Show HN: 127 PRs to Prod this wknd with 18 AI agents: metaswarm. MIT licensed
dsifry Tuesday, February 03, 2026A few weeks ago I posted about GoodToGo https://news.ycombinator.com/item?id=46656759 - a tool that gives AI agents a deterministic answer to "is this PR ready to merge?" Several people asked about the larger orchestration system I mentioned. This is that system.
I got tired of being a project manager for Claude Code. It writes code fine, but shipping production code is seven or eight jobs — research, planning, design review, implementation, code review, security audit, PR creation, CI babysitting. I was doing all the coordination myself. The agent typed fast. I was still the bottleneck. What I really needed was an orchestrator of orchestrators - swarms of swarms of agents with deterministic quality checks.
So I built metaswarm. It breaks work into phases and assigns each to a specialist swarm orchestrator. It manages handoffs and uses BEADS for deterministic gates that persist across /compact, /clear, and even across sessions. Point it at a GitHub issue or brainstorm with it (it uses Superpowers to ask clarifying questions) and it creates epics, tasks, and dependencies, then runs the full pipeline to a merged PR - including outside code review like CodeRabbit, Greptile, and Bugbot.
The thing that surprised me most was the design review gate. Five agents — PM, Architect, Designer, Security, CTO — review every plan in parallel before a line of code gets written. All five must approve. Three rounds max, then it escalates to a human. I expected a rubber stamp. It catches real design problems, dependency issues, security gaps.

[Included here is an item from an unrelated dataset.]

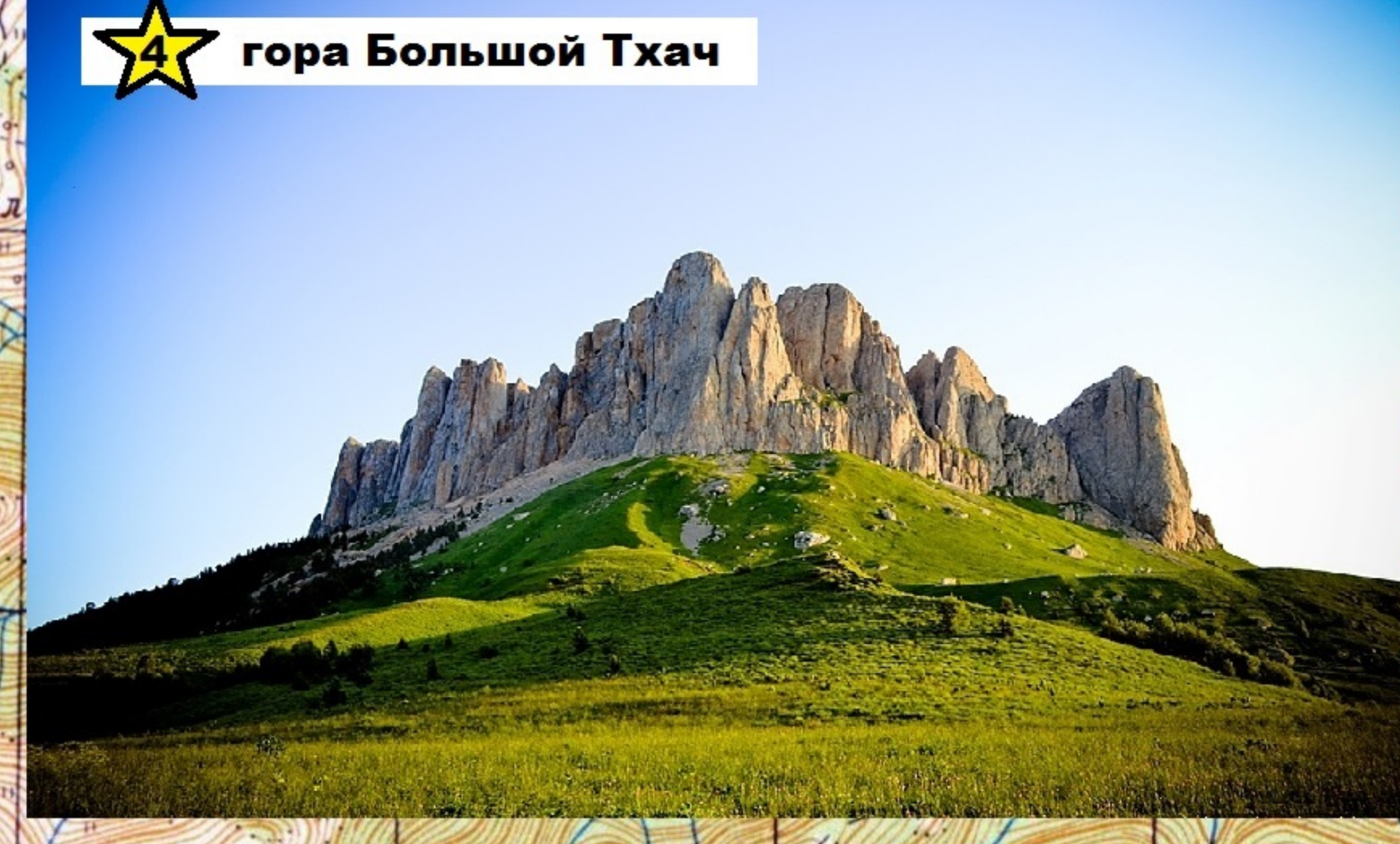
★ гора Большой Тхач

This weekend I pointed it at my backlog. 127 PRs merged. Every one hit 100% test coverage. No human wrote code, reviewed code, or clicked merge. OK, I guided it a bit, mostly helping with plans for some of the epics.
A few learnings:
Agent checklists are theater. Agents skipped coverage checks, misread thresholds, or decided they didn't apply. Prompts alone weren't enough. The fix was deterministic gates — BEADS, pre-push hooks, CI jobs all on top of the agent completion check. The gates block bad code whether or not the agent cooperates.

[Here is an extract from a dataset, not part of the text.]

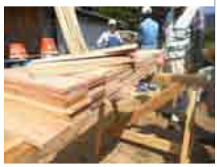
巣箱の材料は揃った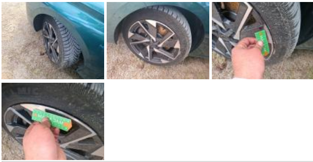
Jante alum. ARG bi-ton/polychrome, Griffe(s), Réparer/rempl. (montant forfaitaire)

The agents are just markdown files. No custom runtime, no server, and while I built it on TypeScript, the agents are language-agnostic. You can read all of them, edit them, add your own.
It self-reflects too. After every merged PR, the system extracts patterns, gotchas, and decisions into a JSONL knowledge base. Agents only load entries relevant to the files they're touching. The more it ships, the fewer mistakes it makes. It learns as it goes.

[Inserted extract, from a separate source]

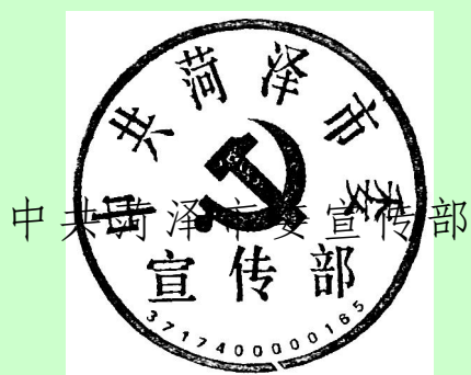
中共菏泽市委 宣传部

metaswarm stands on two projects: https://github.com/steveyegge/beads by Steve Yegge (git-native task tracking and knowledge priming) and https://github.com/obra/superpowers by Jesse Vincent (disciplined agentic workflows — TDD, brainstorming, systematic debugging). Both were essential.
Background: I founded Technorati, Linuxcare, and Warmstart; tech exec at Lyft and Reddit. I built metaswarm because I needed autonomous agents that could ship to a production codebase with the same standards I'd hold a human team to.
$ cd my-project-name
$ npx metaswarm init
MIT licensed. IANAL. YMMV. Issues/PRs welcome!